つまり、意識の領域では見つからない精神器官の能力があるのです。無理に意識して注意することはある程度までできるとしても、注意に対する刺激は、意識のなかでなく関心のなかにあります。この関心もまた、ほとんどが無意識の領域に存在するのです。(中略)

たとえば、虚栄心の強い人はたいてい自分の虚栄心に気づいておらず、反対に、控えめに見えるようにふるまいます。虚栄心が強くあるためには、虚栄心を自覚している必要などないのです。それどころか、自覚してしまうと、その人の目的にとって都合がわるくなります。知ってしまえば、控えめにふるまうことができないからです。自分の虚栄心には目を閉じて、注意をほかにそらしているときだけ、見せかけの安全をつかめます。こうして、プロセスの大部分は暗がりのなかで進行します。』

「人は自然に形成される目的に向かって動いている」をひも解いてみると…

忘れやすくなる原因に「不快感」を挙げていますが、心配事や、ある行為をしながら別のことに“関心”があると、その行為そのものを忘れてしまうことがありますよね。メガネやスマホをどこに置いたのか…その置き場所を忘れてしまうことはありがちです。
アドラーが指摘しているのは、意識の領域では見つからない精神の働きがあり、注意深さが発揮されている状態は、意識的というより“関心”がそこに機能している。そして“関心”は意識して強まるわけではなく、無意識のなかに存在している。「プロセスの大部分は暗がりの中で進行します」とアドラーは、文学的な喩(たとえ)を用いてそのことを語っています。

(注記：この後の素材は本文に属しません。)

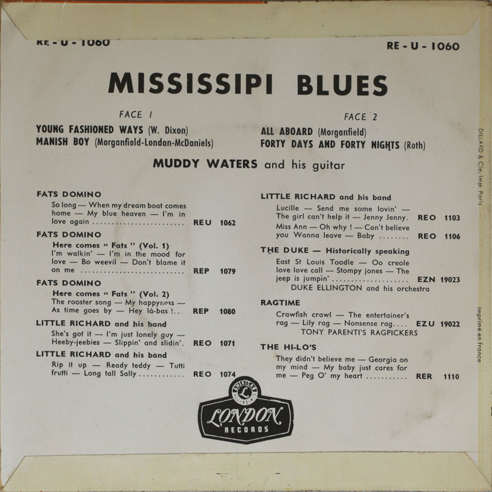 Concert for RTF in Paris, France (Maison de la Radio theater) 1964: Muddy Waters, voc, g; Otis Spann, p; Ransom Knowling, b; Willie 'Big Eyes' Smith, dr
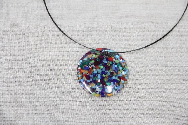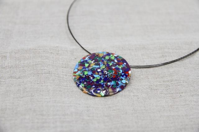 モザイクタイルを切り取ったようなとても特徴的な、レジンで出来たトップデザイン。個性派さんにオススメ。
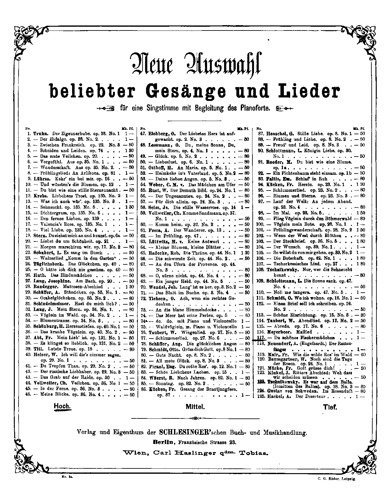 | Genre Categories | Songs; For voice, piano; For voices with keyboard; |
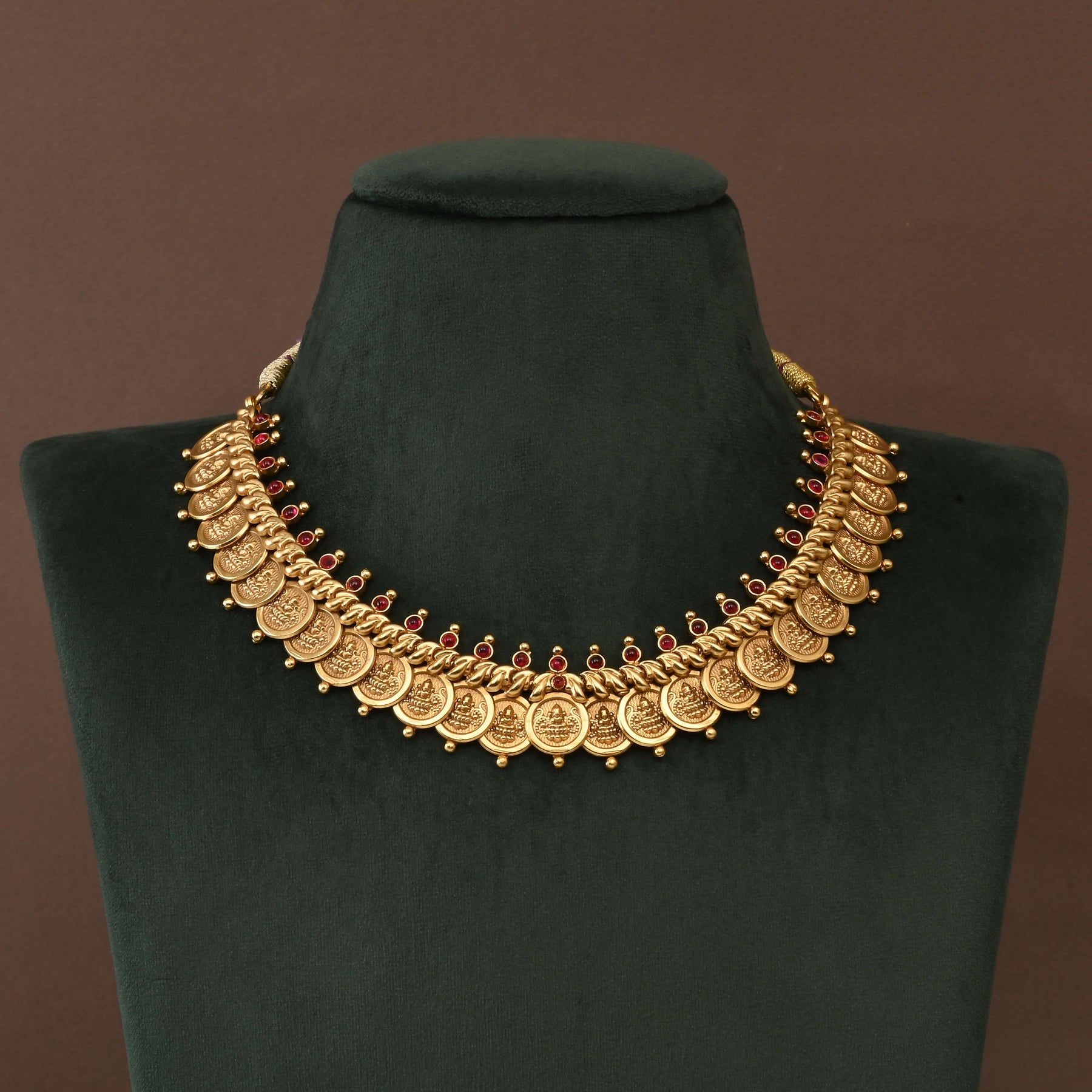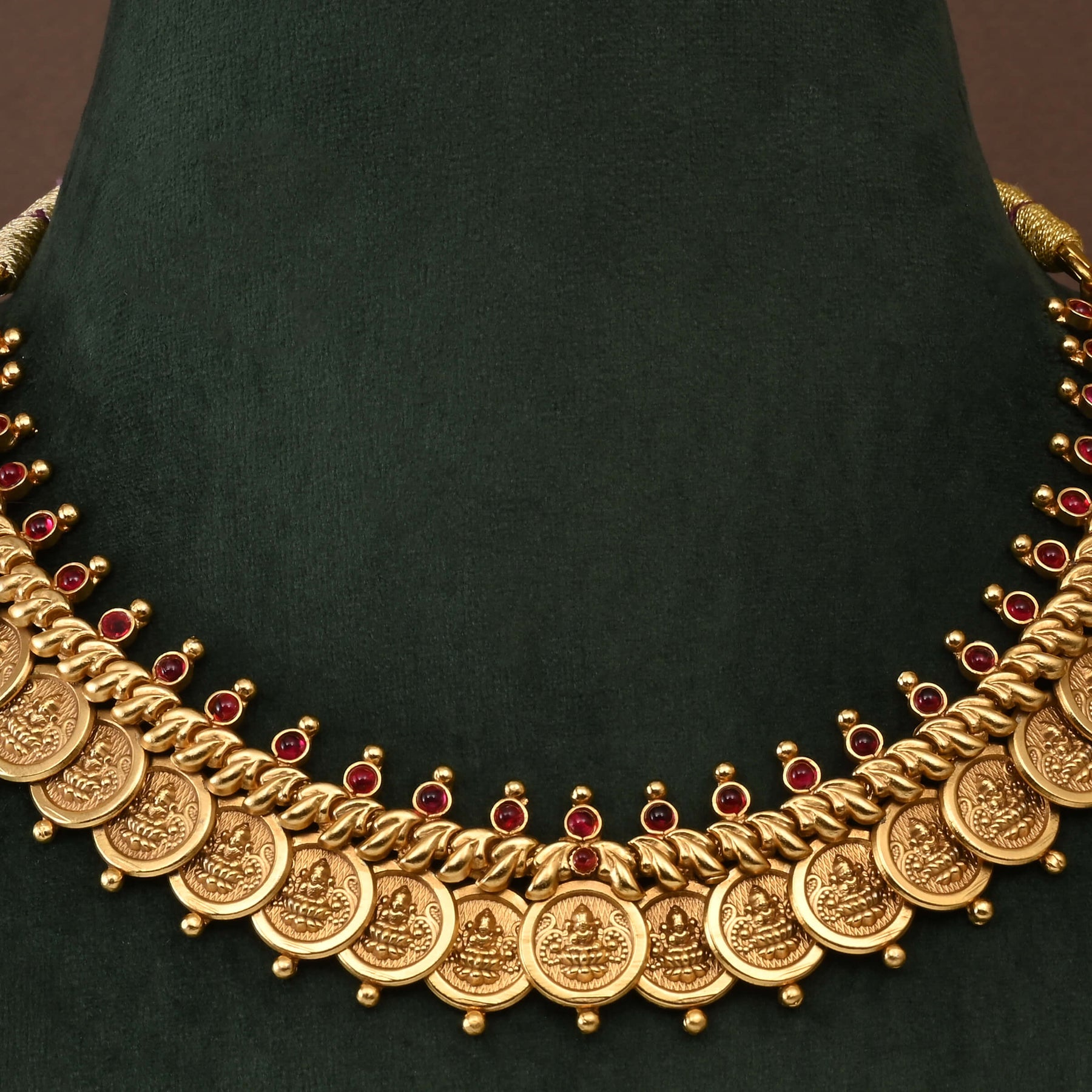 Elevate your spiritual adornment with this exquisite Temple Necklace Set, a handcrafted masterpiece featuring the revered Goddess Lakshmi kasumala. Meticulously designed in lustrous gold finish, this one-of-a-kind piece embodies traditional craftsmanship and sacred artistry. Each detail reflects authentic temple jewelry aesthetics, making it an ideal choice for religious ceremonies, festivals, or those seeking meaningful, heirloom-quality jewelry that honors cultural heritage and devotional elegance.
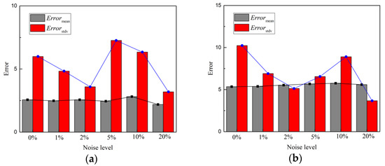 The comparison of peak errors under different noise levels: (a) acceleration response; (b) displacement response.
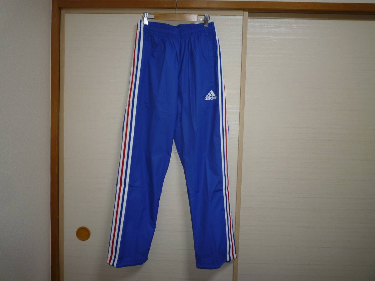 > アディダス ナイロンパンツ青×赤白青ライン Mサイズ トリコロール柄 日本製
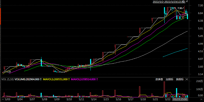 热点栏目 3月23日,宋都股份(600077.SH)以6.72元/股低位开盘,并最终跌停收盘,当日报跌9.97元%至6.5元/股,就此结束其七连板。进入2022年3月的17个交易日内,宋都股份共计收获12个涨停板、3个跌停板,期间股价涨幅超140%。
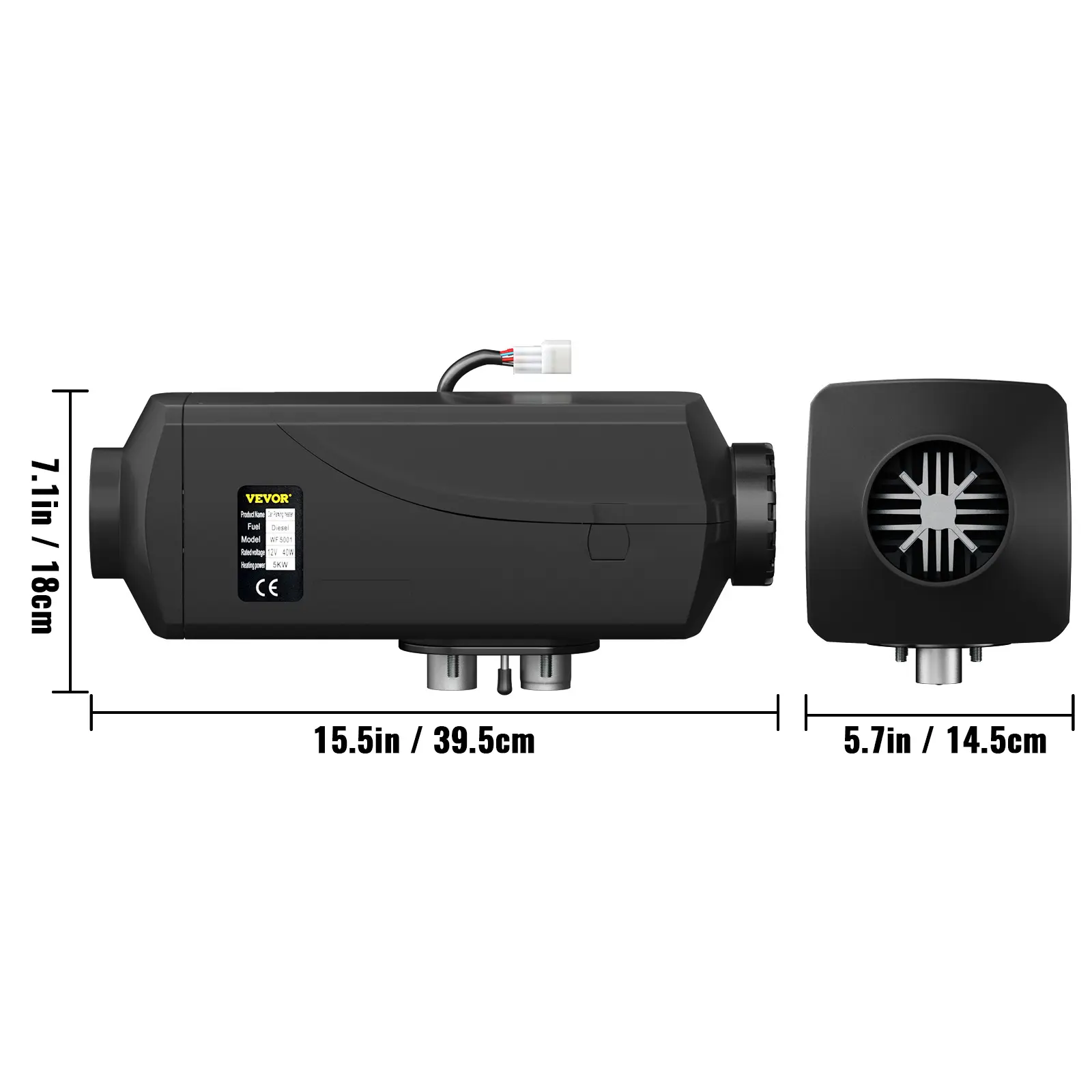 • Efficient Diesel Heater: Heater Power: 5KW; Rated Voltage: 12V; Heater Working Temp: -40℃~+20℃; Oil Pump Working Temp: -40℃~+20℃. On cold winter days, we have got you covered with this diesel air heater to warm your car and eliminate the windows' frost. With fast heating and low noise, the aluminum heater runs smoothly in any harsh environment.

「人は自然に形成される目的に向かって動いている」とは、アドラーの「目的論」を端的に説明する広く使われる表現ですが、抽象的であることは否めません。私はもう少し腑に落ちる説明はできないだろうか…と考えを巡らせていたところ、上記のアドラーの言葉に出会い、「なるほど…」と感じました。
「自然に形成される目的」とは、“関心”のことであり、“純粋な関心”は、無意識の領域に存在する、とアドラーは説明しているのです。

「虚栄心の強い人」の例示もわかりやすいですね。「虚栄心」をあからさまにすることは、この社会において否定されます。そして、アドラーの説く「人は優越性を求めて努力している」ということに関連して、それが獲得できていない状態にもかかわらず、「自分は優れている」と思いたい人は、「虚栄心」を持つことで、そのギャップを埋めようとします。劣等コンプレックスです。

ただ「虚栄心」は偽りの優越性であり、したがって意識されません。パラドックスですが、「自分には虚栄心があるなぁ」と自覚できる人は、このことで「虚栄心」から解放されているのです。

アドラーの語りは、ときに逆説を交えた展開になることが多いのですが、アドラーが「意識と無意識は分割できるものではない」ということを、このような例で示しているのです。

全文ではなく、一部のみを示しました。